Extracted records
"""

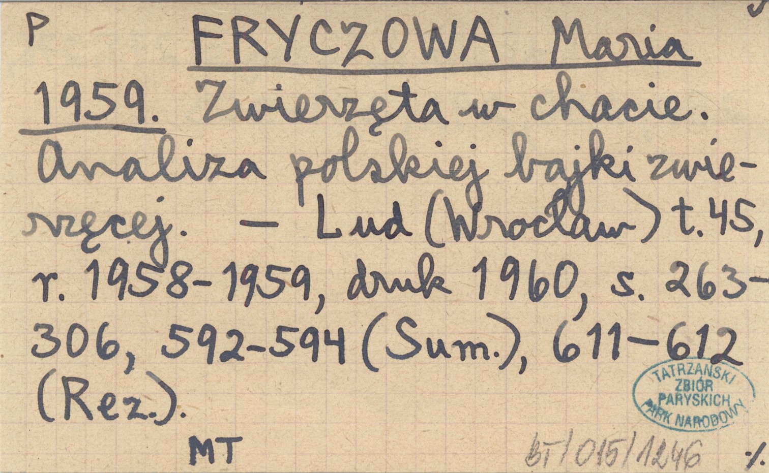 FRYCZOWA Maria 1959 Zwierzęta w chacie. Analiza polskiej bajki zwierzęcej.
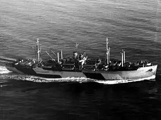 She decommissioned at Port Chicago, California, 13 September 1946 and entered the Pacific Reserve Fleet, Mare Island at Mare Island. Her name was struck from the Navy list 1 October 1958. She transferred to the Maritime Administration the same day and was assigned to the National Defense Reserve Fleet.[3] She was berthed in Suisun Bay, California on 29 October 1958. On 5 March 1977, she was sold to American Ship Dismantlers, Inc., for $218,001, to be scrapped. At 11:15 PDT, on 8 March 1975 she was withdrawn from the Reserve Fleet and sent to the breaker's yard.[4]
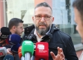 The Legal Representative of the DP, Rezart Kthupi speaking to the journalists outside the SPAK building. MP Orjola Pampuri and the Legal Representative of the Democratic Party, Rezart Kthupi, submitted the lawsuit announced by the Democratic Party and President Basha regarding the issue of incinerators.
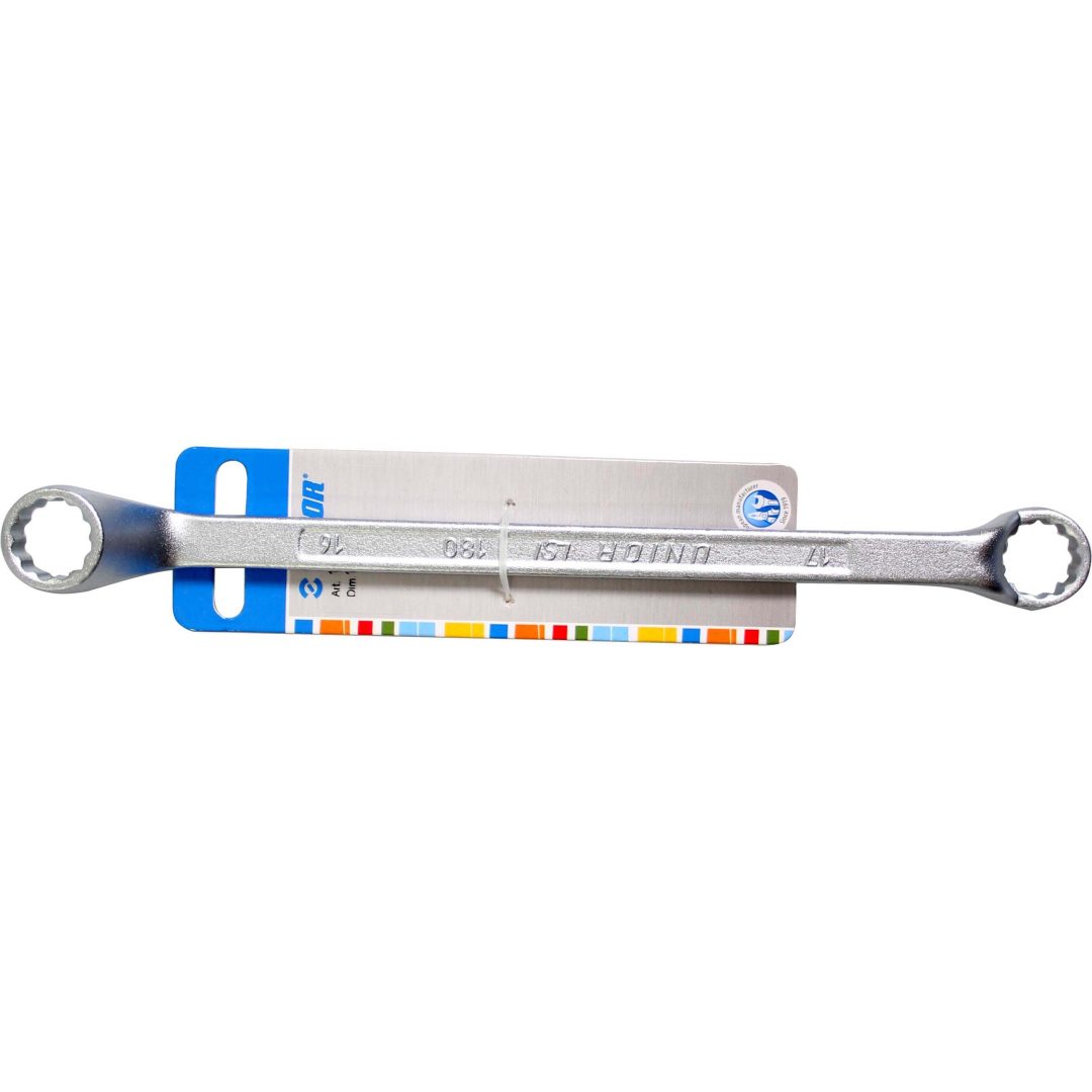 De Unior ringsleutel 16-17 onderscheidt zich door zijn ergonomische ontwerp dat zorgt voor een comfortabele grip en optimale krachtsoverdracht. Dankzij de precies gefreesde ringen wordt de kans op afronding van moeren en bouten aanzienlijk verminderd. Het hoogwaardige staal garandeert een uitstekende duurzaamheid en weerstand tegen slijtage, waardoor deze sleutel een betrouwbare partner is bij elke reparatie of montageklus.
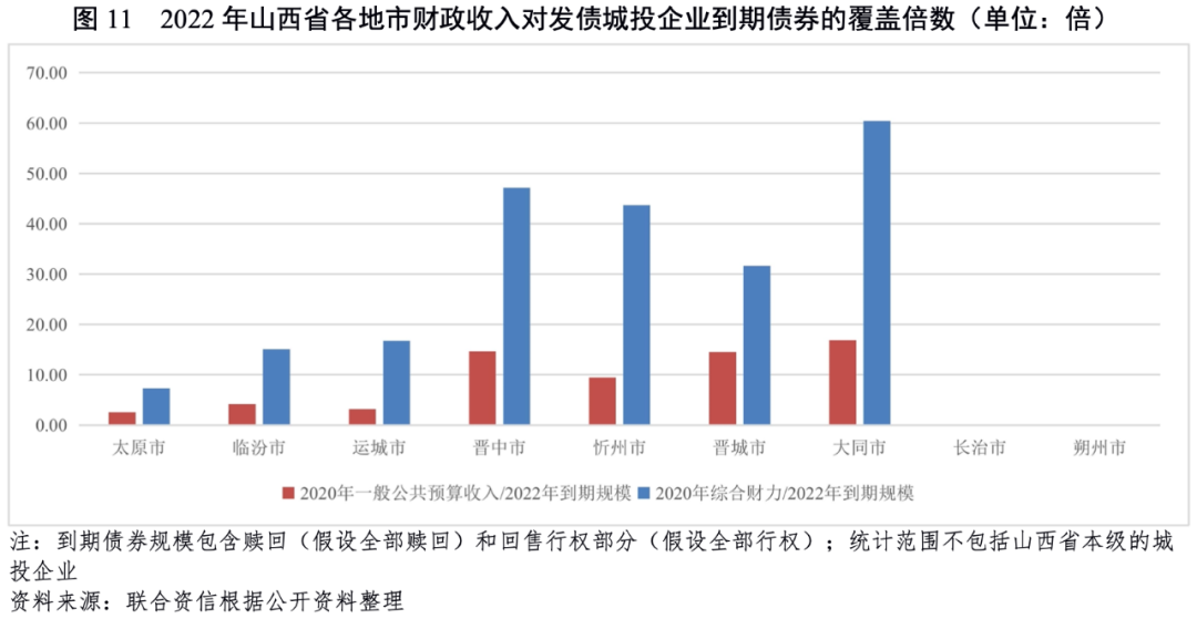 從地方一般公共預(yù)算收入對(duì)到期債券規(guī)模的覆蓋倍數(shù)來看,山西省各地市一般公共預(yù)算收入可以覆蓋當(dāng)?shù)爻峭镀髽I(yè)2022年到期債券,太原市覆蓋倍數(shù)最低,為2.55倍,長治市和朔州市2022年無到期債券??紤]到各地市能夠獲得的政府性基金收入及上級(jí)補(bǔ)助收入,從綜合財(cái)力對(duì)到期債券的覆蓋倍數(shù)來看,各地市綜合財(cái)力對(duì)當(dāng)?shù)爻峭镀髽I(yè)2022年到期債券的覆蓋倍數(shù)介于7.32倍至60.40倍之間??傮w看,山西省各地市綜合財(cái)力對(duì)城投企業(yè)2022年到期債券的覆蓋能力較強(qiáng),山西省各地市集中償付壓力較小。
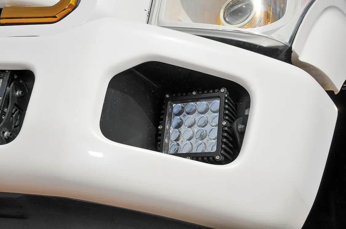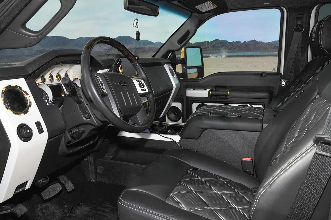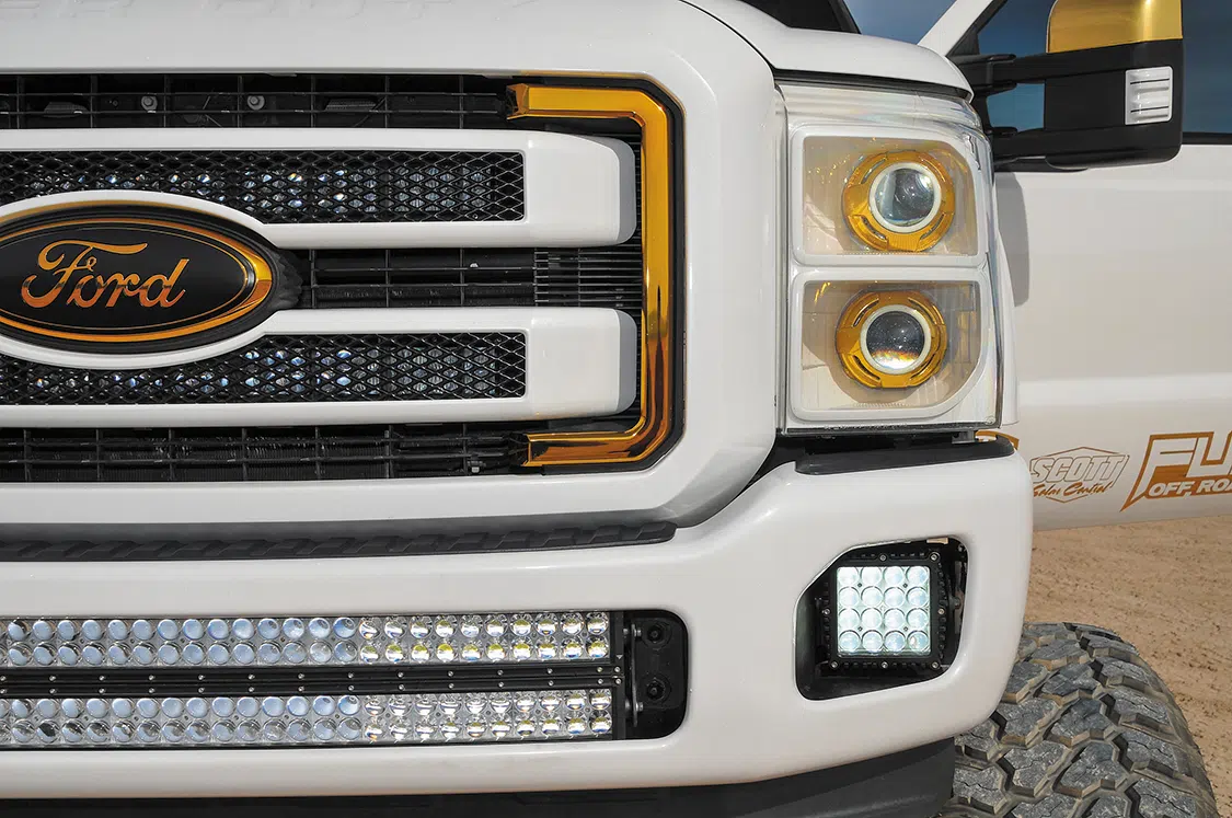 Once the adjustable hydraulic lift was installed and working, Kaly Doyle of KD Designs brought the F-250 into the paint booth and added a white pearl paint with gold metal flake throughout. After the motor was dropped back into the newly lifted truck, Hunter, Nick, and Nick’s father, Steve, added the H&S 64mm turbo kit with No Limit CVC and EGR delete. Everything that could be changed was touched in gold for added affect. Nick went with SSBC 8-piston brake setup for better stopping power on the larger and heavier truck. For the exterior additions, a custom bracket was made and two off-road 30-inch light bars were mounted in the grille behind the mesh and bumper. Thirty-two rock lights were added to showcase the undercarriage at night and indoors.
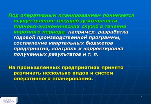 Вопрос 5. Содержанием какого планирования является разработка оперативных планов и составление текущих графиков работы производственных участков?
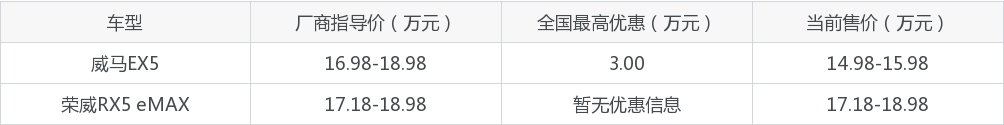 经销商价格监测数据表明,目前威马EX5部分车款最高可享受现金优惠3.00万元,荣威RX5 eMAX暂无优惠。威马EX5在全国经销商报价为14.98-15.98万元,荣威RX5 eMAX全国经销商报价为17.18-18.98万元。
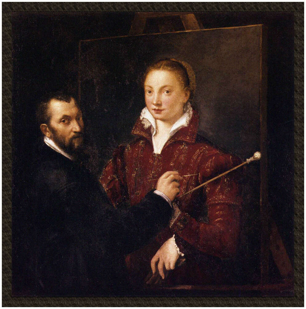 Naszywka Bernardino Campi malujący Sofonisbę Anguissolę Sofonisba Anguissola

"""

-- ABOUT THIS TASK --
Give the data again exactly as it appears, but without any images.

-- SOLUTION TO THIS EXERCISE --
 FRYCZOWA Maria 1959 Zwierzęta w chacie. Analiza polskiej bajki zwierzęcej.
 She decommissioned at Port Chicago, California, 13 September 1946 and entered the Pacific Reserve Fleet, Mare Island at Mare Island. Her name was struck from the Navy list 1 October 1958. She transferred to the Maritime Administration the same day and was assigned to the National Defense Reserve Fleet.[3] She was berthed in Suisun Bay, California on 29 October 1958. On 5 March 1977, she was sold to American Ship Dismantlers, Inc., for $218,001, to be scrapped. At 11:15 PDT, on 8 March 1975 she was withdrawn from the Reserve Fleet and sent to the breaker's yard.[4]
 The Legal Representative of the DP, Rezart Kthupi speaking to the journalists outside the SPAK building. MP Orjola Pampuri and the Legal Representative of the Democratic Party, Rezart Kthupi, submitted the lawsuit announced by the Democratic Party and President Basha regarding the issue of incinerators.
 De Unior ringsleutel 16-17 onderscheidt zich door zijn ergonomische ontwerp dat zorgt voor een comfortabele grip en optimale krachtsoverdracht. Dankzij de precies gefreesde ringen wordt de kans op afronding van moeren en bouten aanzienlijk verminderd. Het hoogwaardige staal garandeert een uitstekende duurzaamheid en weerstand tegen slijtage, waardoor deze sleutel een betrouwbare partner is bij elke reparatie of montageklus.
 從地方一般公共預(yù)算收入對(duì)到期債券規(guī)模的覆蓋倍數(shù)來看,山西省各地市一般公共預(yù)算收入可以覆蓋當(dāng)?shù)爻峭镀髽I(yè)2022年到期債券,太原市覆蓋倍數(shù)最低,為2.55倍,長治市和朔州市2022年無到期債券??紤]到各地市能夠獲得的政府性基金收入及上級(jí)補(bǔ)助收入,從綜合財(cái)力對(duì)到期債券的覆蓋倍數(shù)來看,各地市綜合財(cái)力對(duì)當(dāng)?shù)爻峭镀髽I(yè)2022年到期債券的覆蓋倍數(shù)介于7.32倍至60.40倍之間??傮w看,山西省各地市綜合財(cái)力對(duì)城投企業(yè)2022年到期債券的覆蓋能力較強(qiáng),山西省各地市集中償付壓力較小。
 Once the adjustable hydraulic lift was installed and working, Kaly Doyle of KD Designs brought the F-250 into the paint booth and added a white pearl paint with gold metal flake throughout. After the motor was dropped back into the newly lifted truck, Hunter, Nick, and Nick’s father, Steve, added the H&S 64mm turbo kit with No Limit CVC and EGR delete. Everything that could be changed was touched in gold for added affect. Nick went with SSBC 8-piston brake setup for better stopping power on the larger and heavier truck. For the exterior additions, a custom bracket was made and two off-road 30-inch light bars were mounted in the grille behind the mesh and bumper. Thirty-two rock lights were added to showcase the undercarriage at night and indoors.
 Вопрос 5. Содержанием какого планирования является разработка оперативных планов и составление текущих графиков работы производственных участков?
 经销商价格监测数据表明,目前威马EX5部分车款最高可享受现金优惠3.00万元,荣威RX5 eMAX暂无优惠。威马EX5在全国经销商报价为14.98-15.98万元,荣威RX5 eMAX全国经销商报价为17.18-18.98万元。
 Naszywka Bernardino Campi malujący Sofonisbę Anguissolę Sofonisba Anguissola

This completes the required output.